Alexion Pharmaceuticals, Inc. (Nasdaq: ALXN) today announced the presentation of two-year data that highlight the long-term benefits of chronic Soliris ^® (eculizumab) therapy in patients with atypical hemolytic uremic syndrome (aHUS), an ultra-rare genetic disease characterized by thrombotic microangiopathy (TMA), the formation of blood clots in small blood vessels throughout the body. In two pivotal phase 2 studies, which initially enrolled 37 patients, 32 patients entered a long-term extension phase. The data demonstrated that ongoing Soliris treatment for two years was associated with sustained inhibition of complement-mediated TMA, as indicated by a maintained increase in platelet count, and sustained improvement in renal function and TMA event-free status. ^1,2 The data were presented today at Kidney Week 2012, the annual meeting of the American Society of Nephrology (ASN) in San Diego. Additionally, data presented in a poster session at ASN support early initiation of Soliris therapy regardless of the presence or absence of genetic mutations in patients with aHUS. ³

aHUS is an ultra-rare, life-threatening, chronic genetic disease that can progressively damage vital organs, leading to stroke, heart attack, kidney failure, and death. ⁴ The morbidity and premature mortality in aHUS is caused by chronic uncontrolled activation of the complement system, resulting in TMA. ^5,6 Soliris, a first-in-class terminal complement inhibitor, specifically targets uncontrolled complement activation, and is approved for the treatment of patients with aHUS to inhibit complement-mediated TMA.

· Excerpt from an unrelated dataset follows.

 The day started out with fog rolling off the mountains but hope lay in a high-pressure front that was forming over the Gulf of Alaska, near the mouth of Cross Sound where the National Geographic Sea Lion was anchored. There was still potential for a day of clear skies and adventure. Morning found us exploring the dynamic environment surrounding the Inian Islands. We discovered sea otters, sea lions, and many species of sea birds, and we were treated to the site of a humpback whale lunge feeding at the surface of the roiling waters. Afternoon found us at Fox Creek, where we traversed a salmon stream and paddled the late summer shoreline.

“These long-term extension studies show that early and chronic treatment with Soliris leads to continued improvement in patient outcomes for up to two years, as demonstrated by continued inhibition of complement-mediated TMA, and improvement in renal function,” said Leonard Bell, M.D., Chief Executive Officer of Alexion. “Additional data presented at ASN show that clinicians need not wait for genetic mutation analyses before initiating Soliris therapy, further supporting the rationale for commencing Soliris therapy at the time of clinical diagnosis of aHUS.”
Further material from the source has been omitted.